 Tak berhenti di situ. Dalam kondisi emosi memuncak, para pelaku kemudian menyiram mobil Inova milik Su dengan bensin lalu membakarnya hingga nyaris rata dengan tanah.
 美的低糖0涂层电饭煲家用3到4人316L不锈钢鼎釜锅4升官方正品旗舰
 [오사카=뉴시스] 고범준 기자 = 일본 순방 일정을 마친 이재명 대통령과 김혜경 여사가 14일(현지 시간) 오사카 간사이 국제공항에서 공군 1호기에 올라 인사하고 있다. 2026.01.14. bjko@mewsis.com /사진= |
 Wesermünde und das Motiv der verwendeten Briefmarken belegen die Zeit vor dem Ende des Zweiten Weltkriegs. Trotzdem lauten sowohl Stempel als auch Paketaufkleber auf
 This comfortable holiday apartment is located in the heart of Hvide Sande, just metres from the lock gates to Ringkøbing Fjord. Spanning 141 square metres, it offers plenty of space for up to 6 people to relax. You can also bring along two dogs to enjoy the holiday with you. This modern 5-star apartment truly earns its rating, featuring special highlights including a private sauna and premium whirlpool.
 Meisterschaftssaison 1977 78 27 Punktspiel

ABOUT THIS EXERCISE. Within the material above, the line with "美的低糖0涂层电饭煲家用3到4人316L不锈钢鼎釜锅4升官方正品旗舰" opens the range and the line with "[오사카=뉴시스] 고범준 기자" closes it; reproduce that range word for word.

ANSWER BELOW.
 美的低糖0涂层电饭煲家用3到4人316L不锈钢鼎釜锅4升官方正品旗舰
 [오사카=뉴시스] 고범준 기자 = 일본 순방 일정을 마친 이재명 대통령과 김혜경 여사가 14일(현지 시간) 오사카 간사이 국제공항에서 공군 1호기에 올라 인사하고 있다. 2026.01.14. bjko@mewsis.com /사진= |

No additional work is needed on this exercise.